What do you think about a bill that would increase the federal Pell Grant amount and distribution, slice the interest rate for student loans in half, give tuition assistance to teaching majors and loan forgiveness for graduates who are employed in public service fields? It’s about time, right?
This new bill would be a step in the right direction for the future of education. Both the U.S. House of Representatives and the Senate seem to agree, voting in favor of this new bill entitled The College Cost Reduction Act of 2007. Currently they are bouncing it back and forth, hammering out the details with amendments. The bill is poised to implement several money-saving benefits for students during the next five years.
For the 2007-2008 school year, the Pell Grant can award a maximum of $4310 per student annually. The College Cost Reduction Act will increase the estimated family contribution income limit from $20,000 to $30,000 annually, raise the maximum Pell Grant offering over five years to $5,200 per student, depending on their individual situation, and allow Pell Grants to be given twice a year.
According to CollegeBoard.com, the 2003-2004 median student loan debt for bachelor degree recipients was $19,300. This does not include higher-interest-rate student credit cards, which students often use to pay for books and school supplies. Often the federal loans are not enough to cover tuition, fees and living expenses, so students also take out private loans that have higher interest rates. With freshly printed bachelor’s degrees and mountains of debt, many graduates do not have enough time to secure their ideal careers and are forced to get mediocre jobs to pay off their debt.
The College Cost Reduction Act will increase the amount of federal loans available for students so they won’t have to take out as much in those private loans and student credit cards. Also, the interest rate is being reduced for the Federal Family Education Loan from 6.8 percent to 3.4 percent. For $19,300 in student loans to be repaid in a 10-year period, this reduction would save $3,493.56 in interest.

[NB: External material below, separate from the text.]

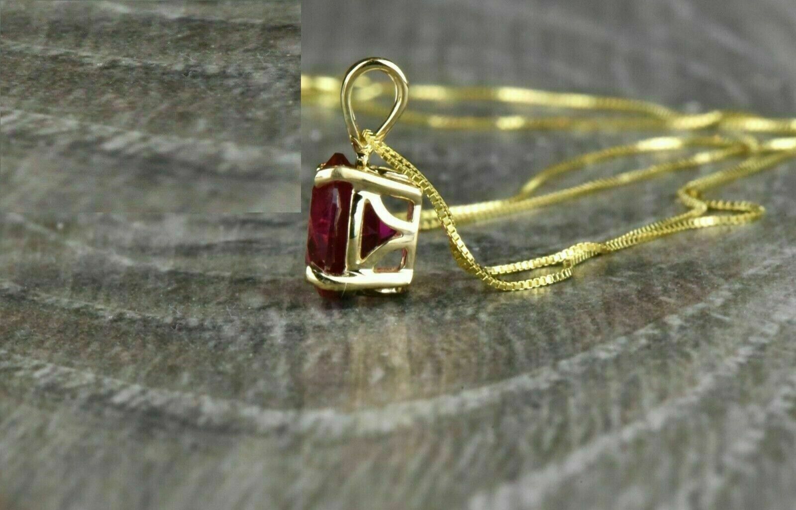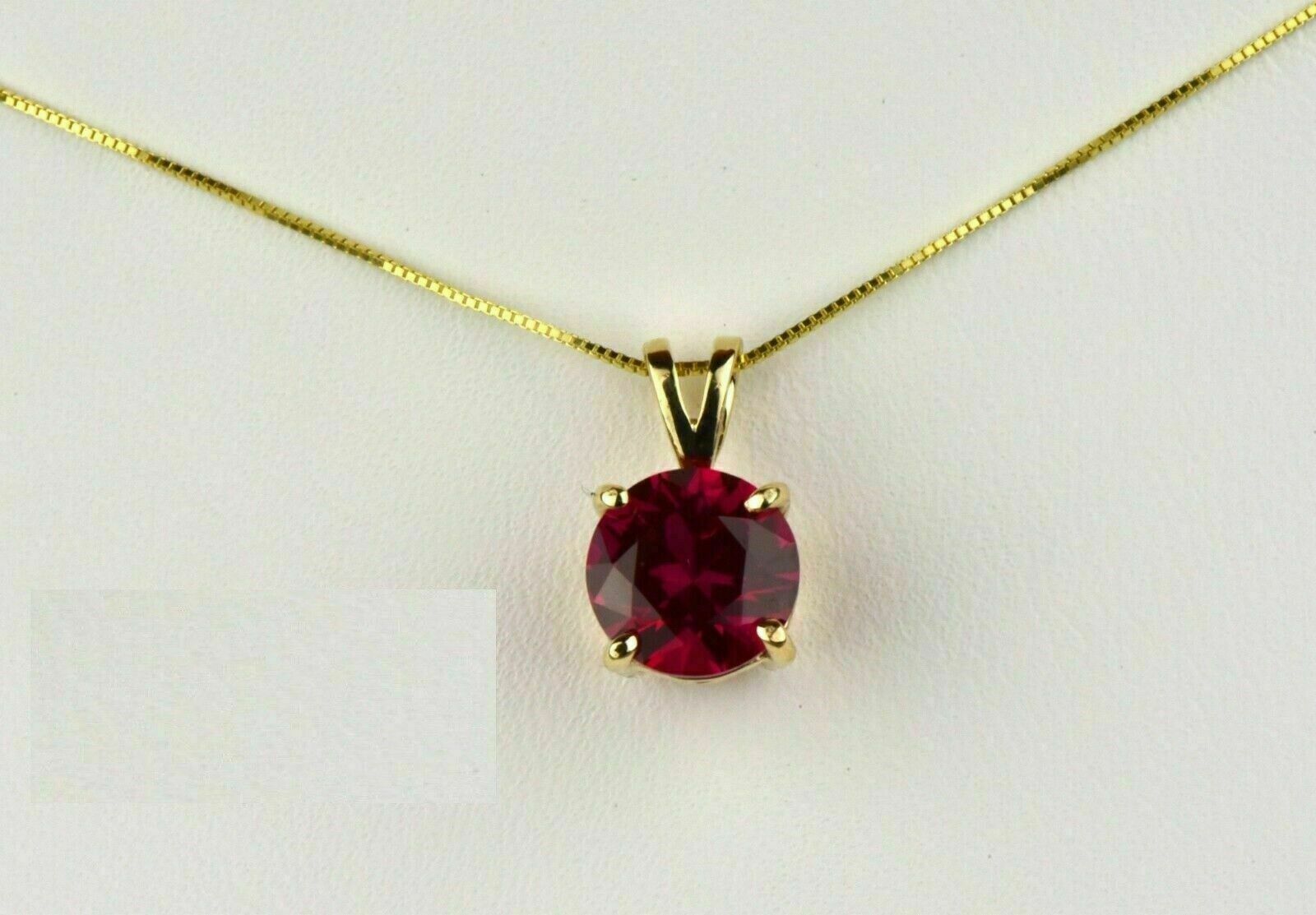 - 1.00 Ct Round Cut Red Ruby Solitaire 14K Yellow Gold Over Pendant Chain Necklace

The College Cost Reduction Act would also provide federal loan forgiveness to students who go on to work fulltime to service the community. Jobs eligible for this loan forgiveness include early childhood educators in low-income communities, nurses, some foreign language specialists, librarians, child welfare workers, speech pathologists in elementary or secondary schools, National Service participants, elementary or secondary school counselors that have a high percentage of disadvantaged students and public sector employees. This will not only help students that decide to take one of these career paths, but the entire community.
These are just some of the many benefits of The College Cost Reduction Act 2007. It will also attempt to stifle the ever-escalating tuition increases for teaching majors. It proposes to give more funds to historically black colleges and universities, as well as minority serving institutions. Helping out college students is a strong investment for the future of America.
“I teach fourth grade and I would hate to think that my students will be told or think that college costs too much,” said PSU student Beverly Guttag. Since her school district pays for her classes, this bill will not personally affect her, but she thinks that it is a positive step to help students with financial needs. “Education is supposed to be a great equalizer, but it doesn’t equalize if only the wealthy or those willing to assume large quantities of debt can benefit.”